Arino me semble un idéaliste souhaitant rester petit garçon spécial. Il encourage et pousse vers l’Église, pratique le prosélytisme pour l’institution et les institutions. Une phrase fameuse, je crois dite ou rapportée par Pasolini, trouve ici un renfort de premier choix : « Les gays sont des Christ ratés ». Les propos d’Arino renvoient constamment à ce complexe – et puis comme tous les gens grandioses, il faut bien remettre sa mégalomanie à quelque chose capable de la canaliser, lui donner du sens et la flatter. Naturellement l’aspiration absolutiste et le déni des différences individuelles sont au rendez-vous. Arino nie la diversité, veut jeter les autres dans le même sac (avec du bien et du moins bien) et place tous ses camarades en orientation « dans le milieu » ; ce qui lui permet de le mettre en opposition à l’affiliation religieuse – il faut alors choisir le bon camp or, comme il se veut rationnel, comme il l’apprécie et ne peut faire autrement, il ne saurait prétendre que l’homosexualité est une invention – donc il plaide pour la chasteté, en laissant aux homosexuels leur identité présumée d’amuseurs lunaires.
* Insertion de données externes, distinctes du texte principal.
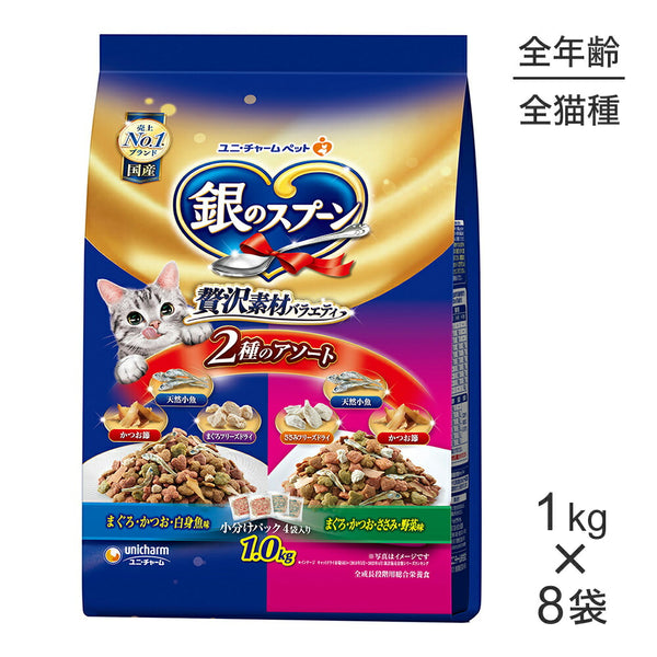【1kg×8袋】ユニ・チャーム 銀のスプーン 贅沢素材バラエティ 全年齢用 2種のアソート (猫・キャット)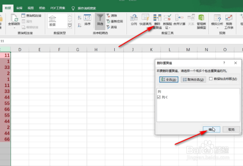 最后,将新的列选中,点击上方的【数据】选项,再点击【删除反复值】按钮即可。
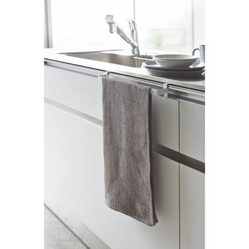 シンプルで美しいデザインの白いキッチン用品シリーズ『Plate』シンプル&モダンな形のスタイリッシュなキッチン収納小物です。フック部を扉の上部に引っ掛けるだけの簡単取り付け。 付属品:緩衝材×4個レールハンドルタイプの扉にも取り付け可能。【取り付け可能なドア】扉の幅:本商品の幅約30cm以上(扉のハンドル部を含まず)扉の厚さ:約1.4cm~2cmまで 扉と上部との隙間:約3mm以上が必要です。ガラス戸へのご使用はお避けください。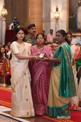 राष्ट्रपति श्रीमती मुर्मु ने राष्ट्रपति भवन नई दिल्ली में आयोजित गरिमामय समारोह में छत्तीसगढ़ में नक्सल ऑपरेशन में शहीद उपनिरीक्षक श्री दीपक भारद्वाज, शहीद प्रधान आरक्षक श्री सोढ़ी नारायण तथा शहीद एसटीएफ प्रधान आरक्षक श्री श्रवण कश्यप के परिजनों को कीर्ति चक्र प्रदान किया। समारोह में राष्ट्रपति श्रीमती मुर्मु ने शहीद श्री दीपक भारद्वाज की पत्नी श्रीमती प्रंतिका भारद्वाज, शहीद आरक्षक श्री सोढ़ी नारायण की पत्नी श्रीमती सुशीला सोढ़ी और एसटीएफ प्रधान आरक्षक शहीद श्री श्रवण कश्यप की पत्नी श्रीमती दुतिका कश्यप को कीर्ति चक्र प्रदान किया। इन तीनों जवानों को राष्ट्रपति द्वारा बस्तर अंचल के बीजापुर जिले में हुए नक्सल ऑपरेशन में सर्वोच्च साहस और बलिदान के लिए कीर्ति चक्र प्रदान कर सम्मानित किया गया है।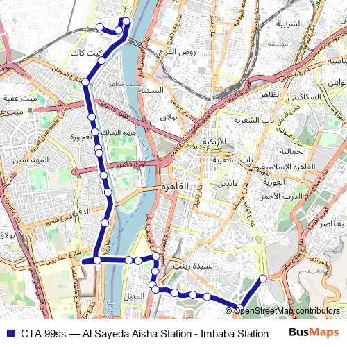 Bus CTA 99ss - Al Sayeda Aisha Station - Imbaba Station in Cairo: Stops & Timetable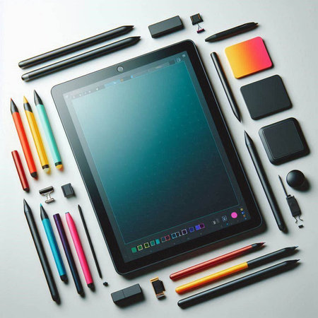 A vibrant creative workspace featuring a digital tablet surrounded by colorful art supplies, illustrating the fusion of digital and traditional artistry.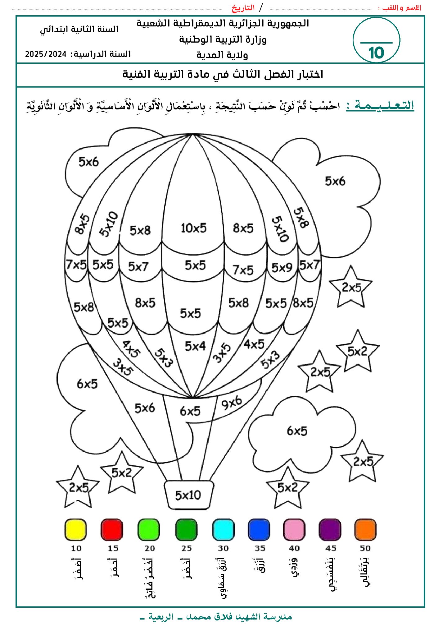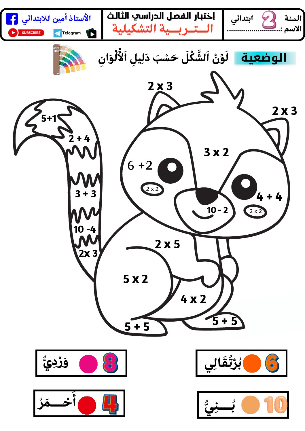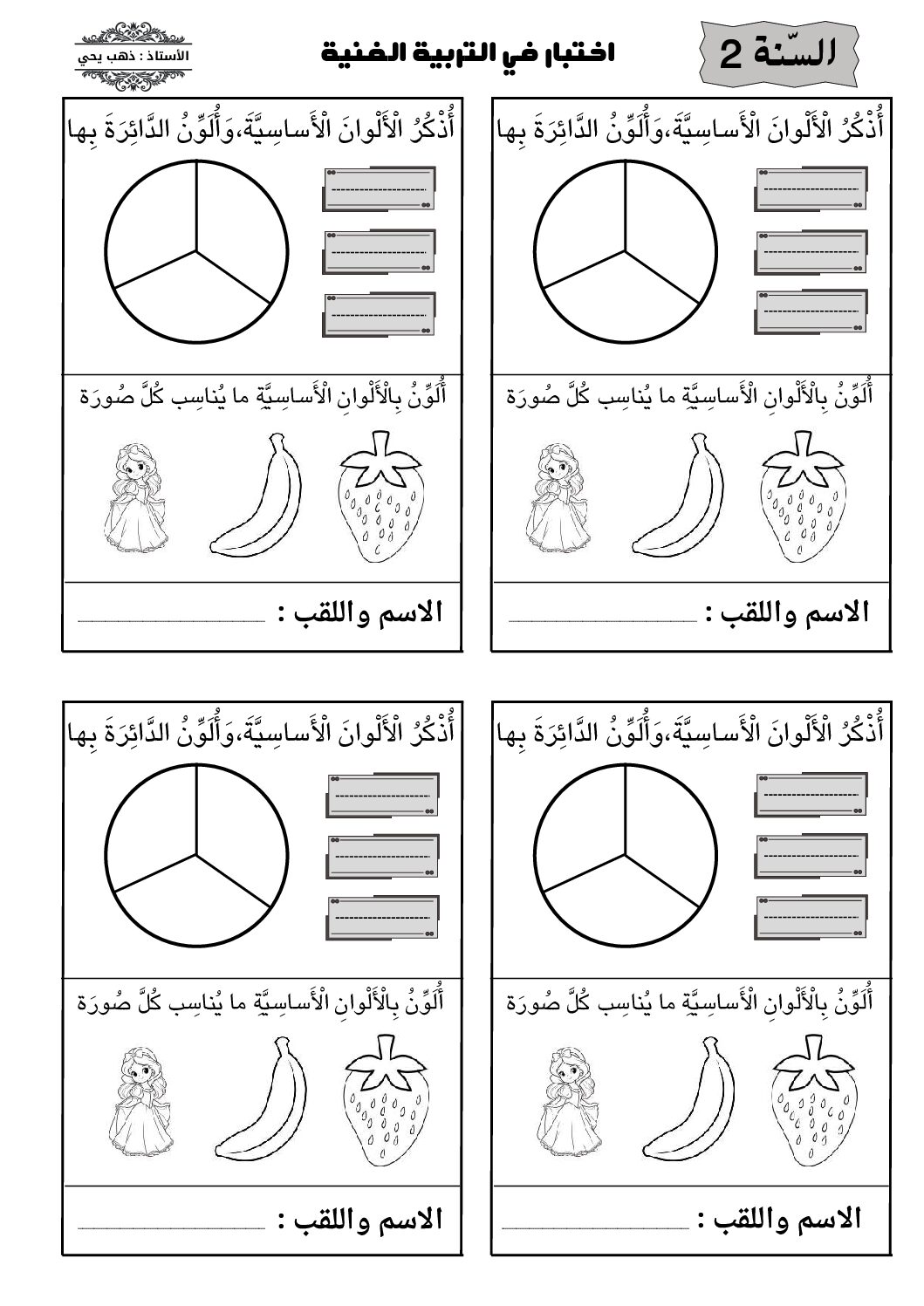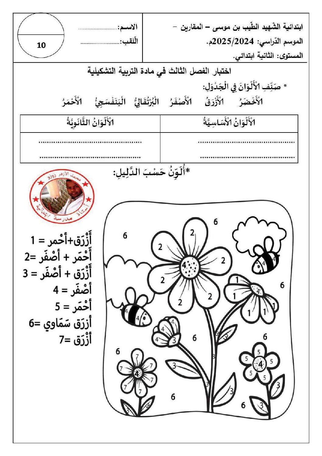 إختبار في التربية الفنية السنة الثانية ابتدائي رقم 69 مع التصحيح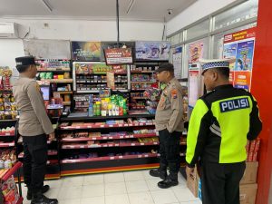 Personil melakukan patroli di minimarket dan bertemu karyawan toko setempat sembari menyampaikan himbauan tentang kewaspadaan terhadap gangguan Kamtibmas.

Son horrible volonté d’inclusion et de servage s’est confirmée dans les vidéos où il intervient suite à cet essai. Il veut enfermer ses homologues – non dans un rôle ‘de cul’, c’est sa simple différence avec les ‘gays’ habituellement ‘hautement’ visibles en-dehors des revendications. Il veut de la follitude et du catholicisme – mais de la follitude au service de ! Malgré toutes ses prétentions et ses apparences, Arino est symptomatique des supposés vices profonds de la société, de ce qu’il dénonce (après y avoir bien goûté et en conservant des restes tenus pour innocents) ; il a effectivement les manières surfaites et les poses aberrantes des homosexuels des ‘médias sociaux’ (la fibre artistique étant le versant positif de ce théâtre) ; il entremêle son ego et sa mission dévouée (dans une vidéo encore, sa part de projection va jusqu’à généraliser l’aspiration à être des anges), a une attitude de troll involontaire (ses chansons ressemblent à ce qu’un comique déglingué compose pour parodier l’objet de son exaspération – ou à type régressant dans la bonne humeur). Cette confusion entre la bonne volonté catholique et la sienne, sa vérité d’individu exhibitionniste et sa vérité de personne engagée, est gênante et le rend suspect.